# Just took the NREMT (computer portion).



## SC Bird (Dec 27, 2007)

It was a challenging exam.  Cut off at 71 questions.  While I feel confident in my knowledge of the topic....I walked out of that exam second guessing a few of my answers.  

There seemed to be a lot of questions that left me between two "correct" answers...and I just trusted my gut in choosing between the two.

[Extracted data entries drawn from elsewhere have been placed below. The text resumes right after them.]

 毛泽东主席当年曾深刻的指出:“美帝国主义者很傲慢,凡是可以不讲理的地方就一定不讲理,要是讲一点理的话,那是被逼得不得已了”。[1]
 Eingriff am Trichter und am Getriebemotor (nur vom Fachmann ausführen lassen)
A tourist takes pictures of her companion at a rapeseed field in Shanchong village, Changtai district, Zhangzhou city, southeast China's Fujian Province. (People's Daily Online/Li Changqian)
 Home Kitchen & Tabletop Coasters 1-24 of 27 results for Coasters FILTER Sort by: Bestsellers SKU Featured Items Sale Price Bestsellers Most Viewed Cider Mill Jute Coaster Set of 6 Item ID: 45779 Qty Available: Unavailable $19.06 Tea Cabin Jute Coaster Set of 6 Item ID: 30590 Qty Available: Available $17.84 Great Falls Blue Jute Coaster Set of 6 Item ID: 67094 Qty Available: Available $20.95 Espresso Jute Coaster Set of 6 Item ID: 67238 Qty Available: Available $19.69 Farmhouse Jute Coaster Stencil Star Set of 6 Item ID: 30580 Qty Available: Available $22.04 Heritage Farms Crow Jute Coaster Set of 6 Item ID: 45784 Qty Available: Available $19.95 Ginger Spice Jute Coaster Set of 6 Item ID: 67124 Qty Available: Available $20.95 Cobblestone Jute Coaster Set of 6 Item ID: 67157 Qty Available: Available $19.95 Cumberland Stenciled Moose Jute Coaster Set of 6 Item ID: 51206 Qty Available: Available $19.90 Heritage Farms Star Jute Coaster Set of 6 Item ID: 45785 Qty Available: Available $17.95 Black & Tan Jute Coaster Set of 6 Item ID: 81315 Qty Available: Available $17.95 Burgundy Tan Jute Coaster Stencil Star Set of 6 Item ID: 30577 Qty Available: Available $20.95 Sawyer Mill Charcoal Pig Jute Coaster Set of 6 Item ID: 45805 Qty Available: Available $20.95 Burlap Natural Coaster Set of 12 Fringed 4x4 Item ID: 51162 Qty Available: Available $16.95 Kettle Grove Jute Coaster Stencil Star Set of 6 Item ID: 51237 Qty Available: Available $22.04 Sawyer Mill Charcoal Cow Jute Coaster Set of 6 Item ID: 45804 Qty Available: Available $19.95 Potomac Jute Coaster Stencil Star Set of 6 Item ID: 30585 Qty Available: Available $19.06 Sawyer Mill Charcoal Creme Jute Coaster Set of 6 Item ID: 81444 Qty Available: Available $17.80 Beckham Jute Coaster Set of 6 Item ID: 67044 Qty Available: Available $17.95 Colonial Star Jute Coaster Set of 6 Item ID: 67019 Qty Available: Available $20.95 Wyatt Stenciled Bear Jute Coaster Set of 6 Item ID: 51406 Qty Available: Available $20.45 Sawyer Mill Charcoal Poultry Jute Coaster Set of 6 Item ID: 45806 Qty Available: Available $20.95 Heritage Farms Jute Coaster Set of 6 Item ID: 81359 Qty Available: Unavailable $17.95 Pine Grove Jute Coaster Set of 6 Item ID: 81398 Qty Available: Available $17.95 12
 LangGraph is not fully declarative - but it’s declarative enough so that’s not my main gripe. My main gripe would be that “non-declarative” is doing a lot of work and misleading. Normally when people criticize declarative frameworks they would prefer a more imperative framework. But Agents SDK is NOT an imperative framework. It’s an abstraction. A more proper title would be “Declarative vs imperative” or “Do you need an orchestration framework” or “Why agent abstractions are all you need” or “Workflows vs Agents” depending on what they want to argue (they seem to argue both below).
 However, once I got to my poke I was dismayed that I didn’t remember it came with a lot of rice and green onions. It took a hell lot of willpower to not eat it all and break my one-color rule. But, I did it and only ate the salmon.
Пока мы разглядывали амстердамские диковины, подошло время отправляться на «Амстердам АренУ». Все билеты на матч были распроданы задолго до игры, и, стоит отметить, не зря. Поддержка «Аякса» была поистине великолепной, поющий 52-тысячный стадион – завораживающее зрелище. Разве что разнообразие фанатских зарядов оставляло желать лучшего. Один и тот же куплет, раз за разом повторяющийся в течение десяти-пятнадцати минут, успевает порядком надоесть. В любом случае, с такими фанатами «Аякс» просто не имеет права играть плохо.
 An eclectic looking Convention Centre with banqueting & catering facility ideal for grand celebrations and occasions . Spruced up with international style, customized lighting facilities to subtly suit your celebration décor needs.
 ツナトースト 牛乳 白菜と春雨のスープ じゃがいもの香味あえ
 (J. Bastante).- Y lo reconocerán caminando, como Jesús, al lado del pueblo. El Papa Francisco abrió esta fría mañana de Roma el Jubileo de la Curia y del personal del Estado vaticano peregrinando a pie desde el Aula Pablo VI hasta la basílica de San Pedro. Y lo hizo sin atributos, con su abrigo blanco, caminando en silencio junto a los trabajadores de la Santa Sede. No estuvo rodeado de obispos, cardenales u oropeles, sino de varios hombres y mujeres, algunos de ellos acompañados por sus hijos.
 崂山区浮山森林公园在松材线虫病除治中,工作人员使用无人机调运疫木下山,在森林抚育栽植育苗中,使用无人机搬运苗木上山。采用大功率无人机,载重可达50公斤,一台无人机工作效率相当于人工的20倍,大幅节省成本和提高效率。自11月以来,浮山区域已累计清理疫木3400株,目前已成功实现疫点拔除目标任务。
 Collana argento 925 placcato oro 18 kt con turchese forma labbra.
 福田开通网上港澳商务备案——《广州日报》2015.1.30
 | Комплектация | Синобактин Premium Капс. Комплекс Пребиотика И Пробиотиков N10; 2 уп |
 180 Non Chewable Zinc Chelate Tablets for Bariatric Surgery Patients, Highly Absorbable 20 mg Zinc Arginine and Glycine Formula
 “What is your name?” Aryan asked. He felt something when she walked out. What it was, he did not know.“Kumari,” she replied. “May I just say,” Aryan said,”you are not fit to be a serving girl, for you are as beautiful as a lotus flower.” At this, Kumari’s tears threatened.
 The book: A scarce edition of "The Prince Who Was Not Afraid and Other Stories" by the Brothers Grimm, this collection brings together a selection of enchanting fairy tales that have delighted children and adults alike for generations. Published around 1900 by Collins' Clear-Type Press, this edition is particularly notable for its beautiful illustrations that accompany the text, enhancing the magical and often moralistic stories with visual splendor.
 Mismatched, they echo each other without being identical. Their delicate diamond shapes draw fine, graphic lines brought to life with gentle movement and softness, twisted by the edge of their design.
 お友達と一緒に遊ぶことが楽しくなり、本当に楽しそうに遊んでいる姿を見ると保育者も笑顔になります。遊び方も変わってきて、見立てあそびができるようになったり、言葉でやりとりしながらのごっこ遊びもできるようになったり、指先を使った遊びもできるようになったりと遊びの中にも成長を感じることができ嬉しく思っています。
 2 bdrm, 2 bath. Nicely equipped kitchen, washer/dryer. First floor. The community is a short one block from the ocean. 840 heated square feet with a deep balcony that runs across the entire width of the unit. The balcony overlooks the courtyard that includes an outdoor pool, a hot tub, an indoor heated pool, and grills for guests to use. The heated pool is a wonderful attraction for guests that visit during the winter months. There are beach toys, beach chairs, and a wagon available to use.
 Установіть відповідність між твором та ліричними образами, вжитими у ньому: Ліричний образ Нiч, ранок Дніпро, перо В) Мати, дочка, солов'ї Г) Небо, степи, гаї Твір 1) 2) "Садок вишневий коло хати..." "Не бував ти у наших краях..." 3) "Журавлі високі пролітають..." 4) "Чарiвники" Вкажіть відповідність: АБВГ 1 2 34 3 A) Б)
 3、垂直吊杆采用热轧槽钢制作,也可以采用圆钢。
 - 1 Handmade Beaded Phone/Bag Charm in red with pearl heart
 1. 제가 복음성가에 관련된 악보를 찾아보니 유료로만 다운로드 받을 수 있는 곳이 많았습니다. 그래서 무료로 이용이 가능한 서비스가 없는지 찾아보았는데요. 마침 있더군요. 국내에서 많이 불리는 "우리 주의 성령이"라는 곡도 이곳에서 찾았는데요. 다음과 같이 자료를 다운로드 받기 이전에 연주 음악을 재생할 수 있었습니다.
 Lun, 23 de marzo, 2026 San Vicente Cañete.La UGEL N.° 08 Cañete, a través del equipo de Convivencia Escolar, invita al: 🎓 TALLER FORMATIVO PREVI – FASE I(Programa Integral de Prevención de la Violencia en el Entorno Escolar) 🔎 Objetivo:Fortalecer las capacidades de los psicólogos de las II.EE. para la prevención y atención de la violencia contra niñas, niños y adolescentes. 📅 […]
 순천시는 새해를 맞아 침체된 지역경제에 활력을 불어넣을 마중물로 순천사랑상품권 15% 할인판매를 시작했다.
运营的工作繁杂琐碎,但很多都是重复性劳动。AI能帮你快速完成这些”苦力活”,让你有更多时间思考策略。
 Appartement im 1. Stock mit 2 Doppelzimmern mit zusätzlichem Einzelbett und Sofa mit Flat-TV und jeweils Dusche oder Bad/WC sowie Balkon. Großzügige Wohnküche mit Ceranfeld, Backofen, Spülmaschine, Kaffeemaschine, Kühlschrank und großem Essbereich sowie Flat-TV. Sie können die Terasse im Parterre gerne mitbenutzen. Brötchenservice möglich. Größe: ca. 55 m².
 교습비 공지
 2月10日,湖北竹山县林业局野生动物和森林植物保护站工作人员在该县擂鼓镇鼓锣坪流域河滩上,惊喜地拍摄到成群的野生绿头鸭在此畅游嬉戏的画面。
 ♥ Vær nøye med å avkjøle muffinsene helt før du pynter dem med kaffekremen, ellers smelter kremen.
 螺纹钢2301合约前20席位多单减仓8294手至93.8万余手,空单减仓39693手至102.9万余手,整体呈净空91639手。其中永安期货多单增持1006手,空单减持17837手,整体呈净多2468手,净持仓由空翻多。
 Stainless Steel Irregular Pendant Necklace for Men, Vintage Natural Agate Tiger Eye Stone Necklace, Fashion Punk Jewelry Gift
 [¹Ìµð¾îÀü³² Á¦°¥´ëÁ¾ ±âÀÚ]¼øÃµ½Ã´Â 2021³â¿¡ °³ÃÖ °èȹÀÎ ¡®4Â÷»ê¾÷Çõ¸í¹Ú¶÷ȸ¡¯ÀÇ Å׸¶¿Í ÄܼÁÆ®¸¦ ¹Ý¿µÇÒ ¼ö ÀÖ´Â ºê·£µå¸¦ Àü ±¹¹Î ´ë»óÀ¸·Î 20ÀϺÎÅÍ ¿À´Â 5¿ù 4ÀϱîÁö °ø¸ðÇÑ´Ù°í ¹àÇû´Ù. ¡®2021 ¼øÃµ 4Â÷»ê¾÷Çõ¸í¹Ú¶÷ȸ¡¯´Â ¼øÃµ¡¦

I remembered my ABC's....but there were a few scenarios that I would have liked to spend a little bit more time on (in lecture)...but...I guess I'll just await results now....

-Matt


----------



## hoisanjai (Dec 28, 2007)

SC Bird said:


> It was a challenging exam.  Cut off at 71 questions.  While I feel confident in my knowledge of the topic....I walked out of that exam second guessing a few of my answers.
> 
> There seemed to be a lot of questions that left me between two "correct" answers...and I just trusted my gut in choosing between the two.
> 
> ...



GOOD LUCK! I AM SURE YOU WILL PASS!!!


----------



## SC Bird (Dec 28, 2007)

I was thinking last night that with the format of the adaptive exam, in theory it should be hard for everybody.  I don't like the wait...

-Matt


----------



## SC Bird (Dec 28, 2007)

I PASSED!!!!!!!!!!!!!!!!  WOHOOOOOOOOOOO!!!!

-Matt


----------



## thowle (Dec 29, 2007)

Congratulations on passing the NREMT exam.


----------



## hoisanjai (Dec 29, 2007)

Congratulations!~!!!


----------



## EMTryan (Dec 29, 2007)

It feels good doesn't it...congratulations!!B)


----------